§ Task statement
Nothing but the lines from the one containing "最常走的路線就是從房間走到客" through the end of the entries below should appear in your answer, transcribed exactly; please drop the pictures.

── Provided data ──

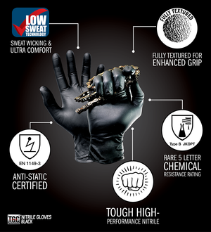 The glove that changed the industry, the first Black Nitrile Glove in Australia. The Glove Company’s custom formulation set the benchmark in industrial black nitrile and is still the highest performing black nitrile glove across the industry. Enhanced with Low Sweat Technology to reduce sweat and irritation by neutralising the pH level between your hands and glove.
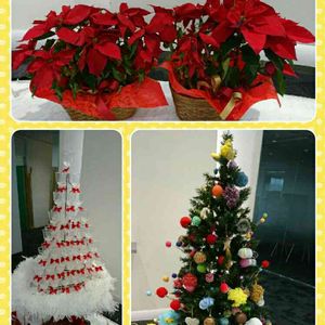 メリークリスマス🎄 久しぶりの投稿です✴️ なのに… ポインセチアはまだ緑色が目立ちます(T-T) もっと早くから処理を行うべきでした💧 ◯の中は裏側です。 赤いところが多かったので載せました(--;)
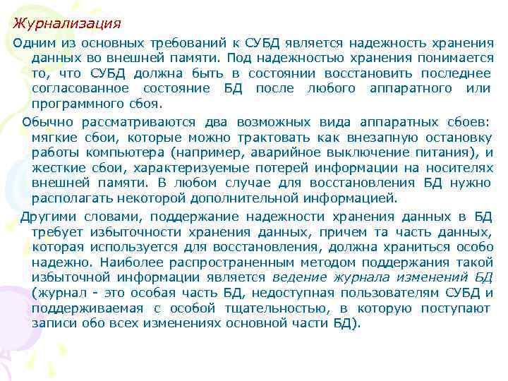 Журнализация Одним из основных требований к СУБД является надежность хранения данных во внешней памяти. Под надежностью хранения понимается то, что СУБД должна быть в состоянии восстановить последнее согласованное состояние БД после любого аппаратного или программного сбоя. Обычно рассматриваются два возможных вида аппаратных сбоев: мягкие сбои, которые можно трактовать как внезапную остановку работы компьютера (например, аварийное выключение питания), и жесткие сбои, характеризуемые потерей информации на носителях внешней памяти. В любом случае для восстановления БД нужно располагать некоторой дополнительной информацией. Другими словами, поддержание надежности хранения данных в БД требует избыточности хранения данных, причем та часть данных, которая используется для восстановления, должна храниться особо надежно. Наиболее распространенным методом поддержания такой избыточной информации является ведение журнала изменений БД (журнал - это особая часть БД, недоступная пользователям СУБД и поддерживаемая с особой тщательностью, в которую поступают записи обо всех изменениях основной части БД).
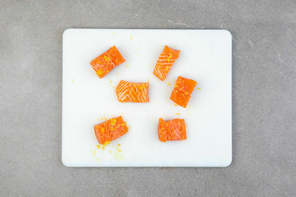 Den Lachs mit kaltem Wasser abspülen, trocken tupfen und in 15–18 gleich große Stücke schneiden, dabei evtl. vorhandene Gräten und die Haut entfernen. Mit der ½ der Zitronenschale und 3EL Olivenöl einreiben.
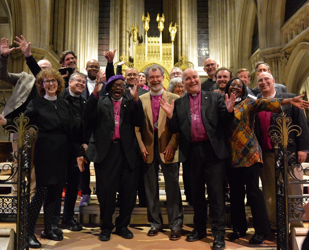L’ensemble du clergé présent le 24 mars, premier rang de gauche à droite : la Rev. Sunny Hallanan (All Saint’s Waterloo, Belgique), Doyen de la Cathédrale par intérim Tim Safford, l’Evêque Président Michael Curry, l’Evêque en charge Mark Edington, l’Archevêque de York Stephen Cottrell, la Chanoine pour l’évangélisation et la réconciliation Stephanie Spellers, le très Rev. W. Michie Klusmeyer. Derrière, de gauche à droite : l’Archidiacre Walter Baer, le Chanoine de la Cathédrale Nat Katz, notre Rev. Jean Dumond Chavanne, le Rev. Dr. Francisco Alberca (St. Paul’s Within the Walls, Rome), la Rev. Katie Osweiler (All Saint’s Waterloo, Belgique), le Rev. Clair Ullmann (Church of the Ascension, Munich), le Rev. Dr. Peter Lindvall, le très Rev. Dr. Christopher Meakin, le Rev. Gregory Stark, l’ancien doyen de la Cathédrale Zachary Fleetwood, le diacre Richard Cole. (C) The American Cathedral
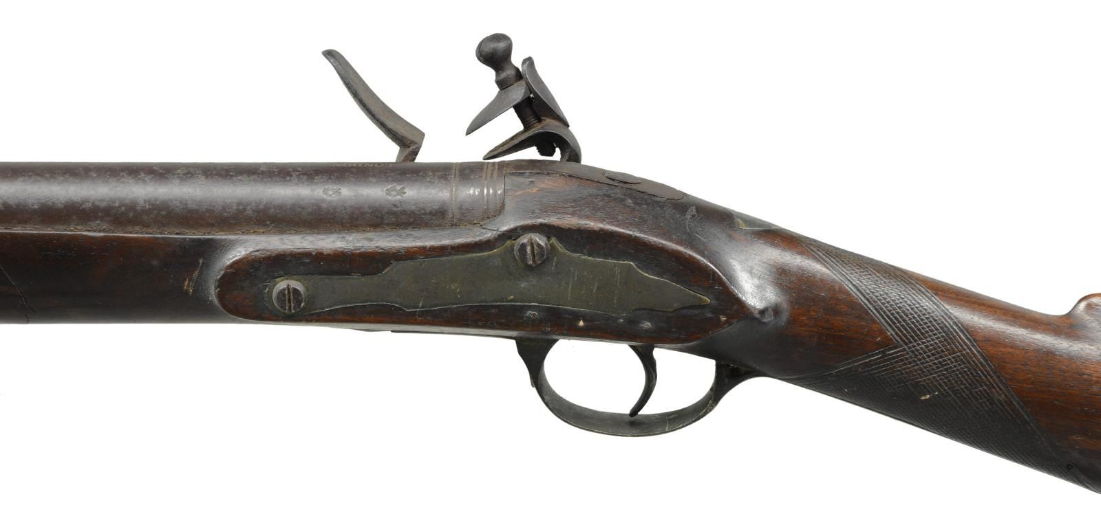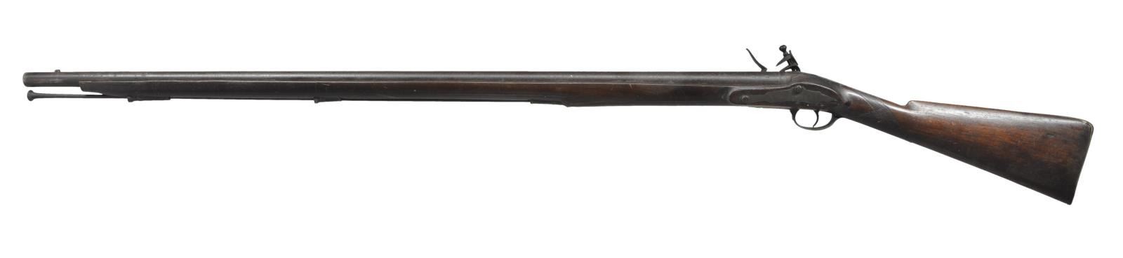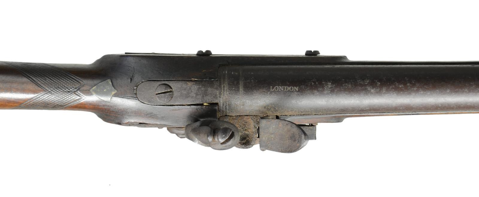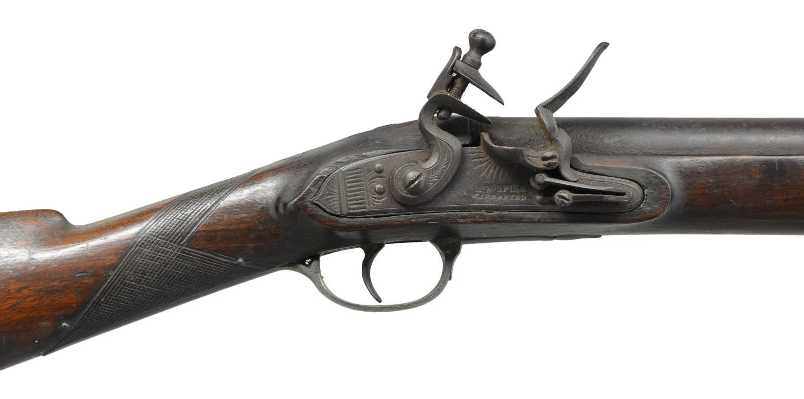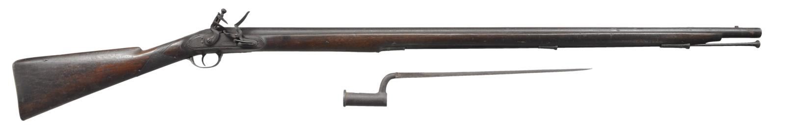 Cal. 70. NSN.56" overall, 40" round barrel, British proofed, "LONDON" stamped, pinned with 3 brass ramrod pipes, iron trumpet tip ramrod, bayonet lug on top. Brass buttplate, triggerguard, and sideplate. Rebated engraved lockplate, serpentine cock, roller frizzen stamped "A. W. SPIES / WARRANTED" Spies was large New York gun dealer and this dates circa 1820. Stock is checkered at wrist with small silver vacant diamond shaped thumb plate. CONDITION: Very good overall, appears as found, complete and original, iron and brass patina, mechanics fine with smooth clear bore. Accompanying Brown Bess style bayonet has 14.5" blade, fits well with matching patina. (01-22952/JS). ANTIQUE. $600-800.
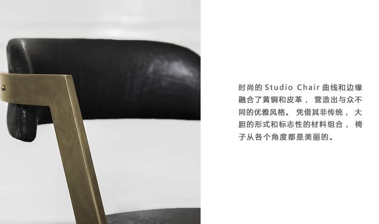 时尚的Studio Chair曲线和边缘融合了黄铜和皮革,营造出与众不同的优雅风格。 凭借其非传统,大胆的形式和标志性的材料组合,椅子从各个角度都是美丽的,非常适合作为临时的桌子,或餐椅。
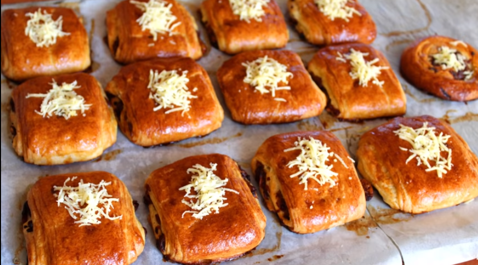مسمن على شكل بتي بان بحشوة اللحم المفروم و صلصة الصوجا
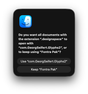 Do you want all documents with the extension “.designspace” to open with “com.GeorgSeifert.Glyphs2”, or to keep using “Fontra Pak”?
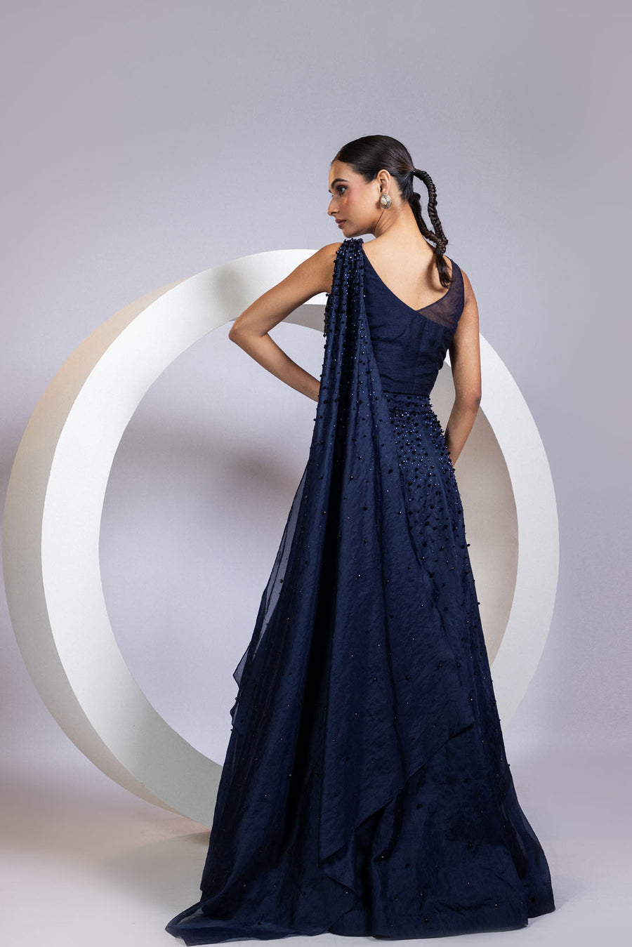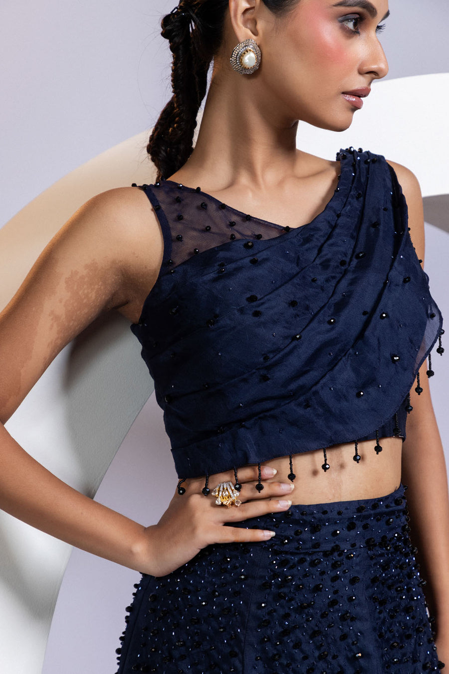 A navy blue drape lehenga set featuring a one-shoulder net strap blouse with structured pleating and an attached veil-style dupatta. The blouse and flared skirt are hand-embellished with scattered black crystals, creating a soft, starry shimmer. Fluid yet sculpted, the silhouette is equal parts drama and grace. Perfect for cocktail weddings, receptions, and elegant evening affairs.
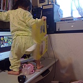 最常走的路線就是從房間走到客廳在走到廚房的冰箱前停下~幫她開了冰箱~拿到多多跟吸管~才願意轉身走進房~
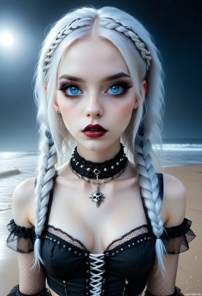a beach scene featuring sand and possibly water, contributing to a moody atmosphere. The lighting focuses on the person's face, giving it a dramatic effect that highlights their features against the darker surroundings. The overall style of the image is reminiscent of digital art or character design from video games or graphic novels, where realistic features are often combined with fantastical elements to create an alternative and striking appearance.

───

§ Finished task
 最常走的路線就是從房間走到客廳在走到廚房的冰箱前停下~幫她開了冰箱~拿到多多跟吸管~才願意轉身走進房~
a beach scene featuring sand and possibly water, contributing to a moody atmosphere. The lighting focuses on the person's face, giving it a dramatic effect that highlights their features against the darker surroundings. The overall style of the image is reminiscent of digital art or character design from video games or graphic novels, where realistic features are often combined with fantastical elements to create an alternative and striking appearance.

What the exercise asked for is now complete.